The antenna is set to length based on its operating frequency. If you lengthen it you need to do that in even fractions of the wavelength (do you know what frequency it operates at? 8^)

That aside, I had the same problem with my LR2, turning on was a pain. Ended up being a failing "on" switch. This was a small pushbutton soldered directly to the circuit board, not trivial to replace. I'll do it someday, but I have "fixed" it with a good blasting with compressed air (so far-so good, dust I assume)


----------



## firefighterontheside

Mine quit working completely a month ago. Thought it was toast. That was a rough week of walking into the closet and switching it on manually. Then I googled the problem and read about about the pairing button. I did this and it worked perfectly again. I wonder if pairing it every so often will keep it working better.


----------



## Jaybird64

I haven't heard one person say anything about if this will work with magnetic switches. Which is my problem. I have a Grizzly G0440 2HP single phase, 220V, 20amp. I receive my LR3 tonight and got is setup with both remotes. I turned on the magnetic switch to my DC and then hit the LR3 ON button. The green light illuminated on the magnetic switch but the DC unit failed to turn on. However, the LR3 OFF button will turn the DC off.

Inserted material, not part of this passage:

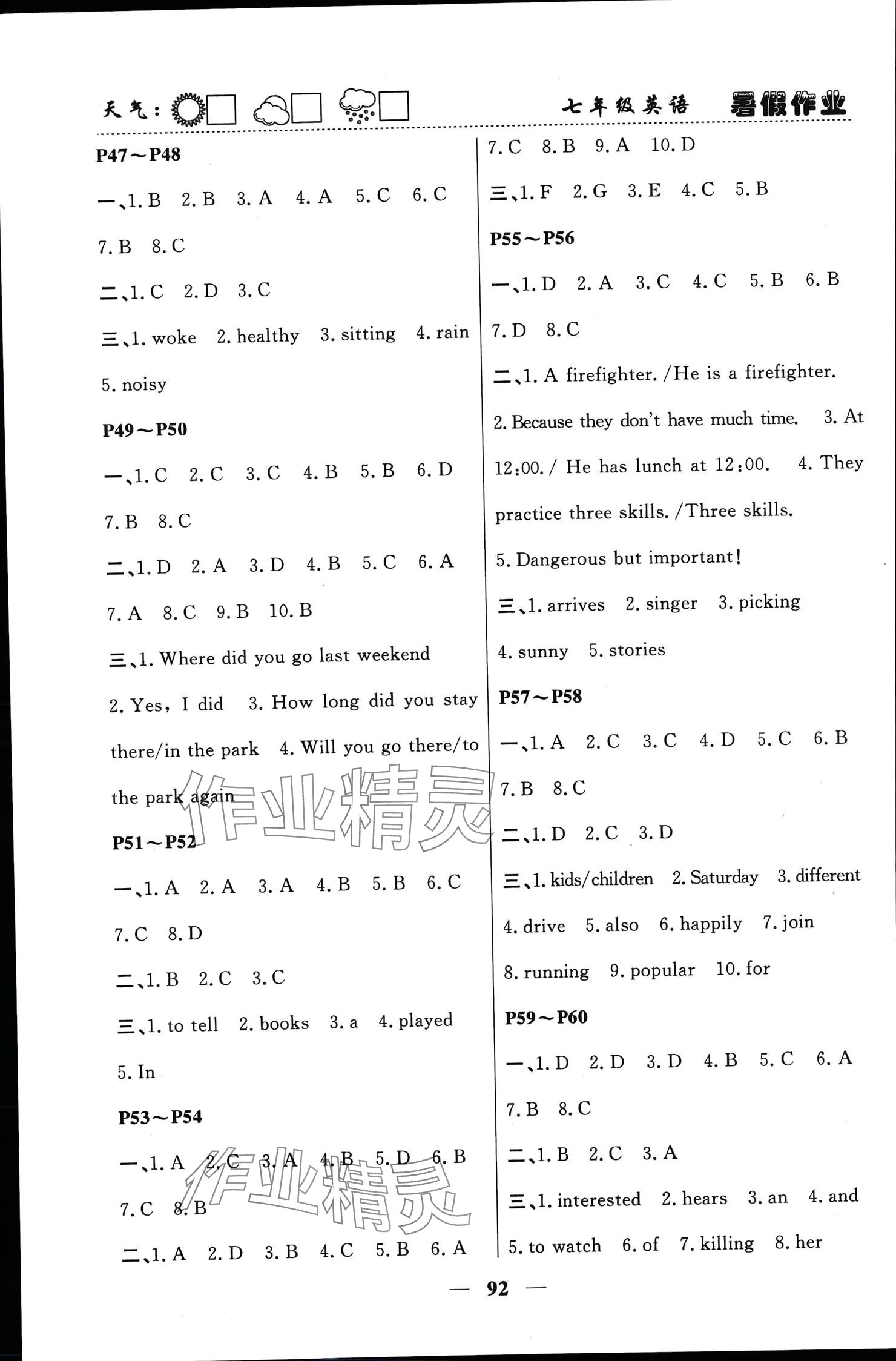 2024年暑假作业快乐的假日七年级英语

I really want to keep my LR3 if someone can tell me how to correct my DC magnetic switch, if possible.

Thanks!

Btw- What does HF stand for?


----------



## firefighterontheside

Magnetic switches are meant to turn themselves off if power is interrupted and not come back on when power is restored. It will not work the way you want with that switch.

HF = harbor freight.


----------



## Routerisstillmyname

Did you get the LR for 220 volt or 110. HF stands for good old Harbor Fright


----------



## Jaybird64

> Magnetic switches are meant to turn themselves off if power is interrupted and not come back on when power is restored. It will not work the way you want with that switch.
> 
> HF = harbor freight.
> 
> - firefighterontheside


Thanks for the feedback! So with that being said, what are my alternatives? I should mention that my shop is a 2-story brick building. The DC is upstairs and all my large machines are on the main level. My Grizzly IR-remote will only work in line-of-sight, which is why I bought the Long Ranger III. (This is all a new build and I'm in the process of routing the duct system.) I plan on keeping my new DC.

Is it possible to change out the OEM magnetic switch with a non-magnetic switch, provided that it can operate the same specs…2HP 1PH, 220v/20amps? If so, where can I find one?

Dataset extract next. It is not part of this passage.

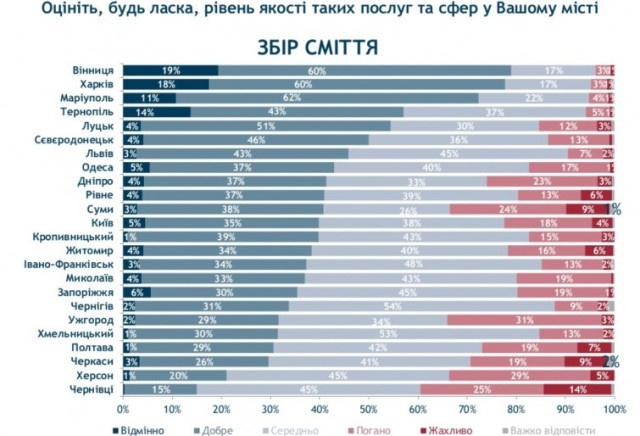 У якості послуг зі збору сміття теж лідирують вінничани.

Or can I have an electrician hard wire my unit directly to use the LG3 remote?

I thought about (don't laugh) building a "thru floor periscope" to reflect the IR into the switch.


----------



## firefighterontheside

Grizzly sells a lot of switches. One like this would work. You may need to mount a new box in place of your magnetic one.
http://www.grizzly.com/products/Single-Phase-On-Off-Switch-110-230V/D4157

Another option along the lines of your periscope idea is to relocate your existing switch in a location that is visible from the first floor. Then you'd be able to use your original remote.


----------



## Jaybird64

Thanks for the link to the safety switch. I might give this a shot. This way I could still use my LR3. Mounting the magnetic switch on the first floor won't work for me because I will still have stations upstairs for doing smaller stuff that still create dust, like a secondary router table, sanding station, etc.


----------



## firefighterontheside

Sounds like a great shop. Pictures?


----------



## Jaybird64

Well, I took your advice and replaced my Grizzly magnetic switch with a Grizzly 220V safety switch, as shown in the picture. I tested it after rewiring it and it worked. Then I plugged it into the Longer Ranger 111 and I got the same result as with the magnetic switch. It will shut off but won't turn on the DC. This is probably because the ON switch is a push button, unlike a toggle or rocker switch.

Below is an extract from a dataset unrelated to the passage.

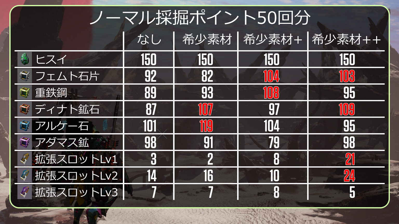 また、拡張スロットメモリーのLv1、Lv2は「希少素材++」が倍以上入手できていますが、

With it still plugged into the LR3, I held down the safety switch ON button and then pressed the LR3 remote ON button, and it fired up. With my finger still holding down the safety switch ON button I then pressed the LR3 remote OFF button, and it over-rode the ON feature and shut the DC off.

Maybe this still isn't the right switch to be using? Theoretically my test proves that it works this way if the safety switch ON button was held down. I thought about using epoxy or superglue to lock the ON button in place, but not sure if this would be safe, including any residual adhesive fumes inside the switch box.

Now what? Hire an electrician?


----------



## firefighterontheside

Apparently that is a magnetic switch, even though it doesn't say so. I went looking for one that didn't say magnetic, but steered you in the wrong direction. I guess you need to have a toggle switch.


----------